Data provided: Begin

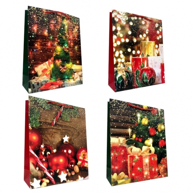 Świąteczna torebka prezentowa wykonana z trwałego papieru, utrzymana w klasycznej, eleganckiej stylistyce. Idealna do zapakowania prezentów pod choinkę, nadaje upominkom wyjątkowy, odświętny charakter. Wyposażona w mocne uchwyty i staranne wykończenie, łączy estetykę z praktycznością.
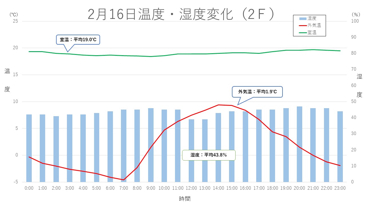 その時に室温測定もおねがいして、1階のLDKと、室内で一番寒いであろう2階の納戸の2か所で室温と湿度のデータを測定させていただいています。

Data provided: End
Data provided: Begin

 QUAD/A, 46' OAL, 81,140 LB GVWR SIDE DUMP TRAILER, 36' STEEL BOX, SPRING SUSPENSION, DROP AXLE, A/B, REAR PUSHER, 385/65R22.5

Data provided: End

# Action item
Using the data above, which lines fall from the one with "Świąteczna torebka prezentowa" through the one with "その時に室温測定もおねがいし"? Repeat them exactly, ends included, minus any pictures.

# Your solution
 Świąteczna torebka prezentowa wykonana z trwałego papieru, utrzymana w klasycznej, eleganckiej stylistyce. Idealna do zapakowania prezentów pod choinkę, nadaje upominkom wyjątkowy, odświętny charakter. Wyposażona w mocne uchwyty i staranne wykończenie, łączy estetykę z praktycznością.
 その時に室温測定もおねがいして、1階のLDKと、室内で一番寒いであろう2階の納戸の2か所で室温と湿度のデータを測定させていただいています。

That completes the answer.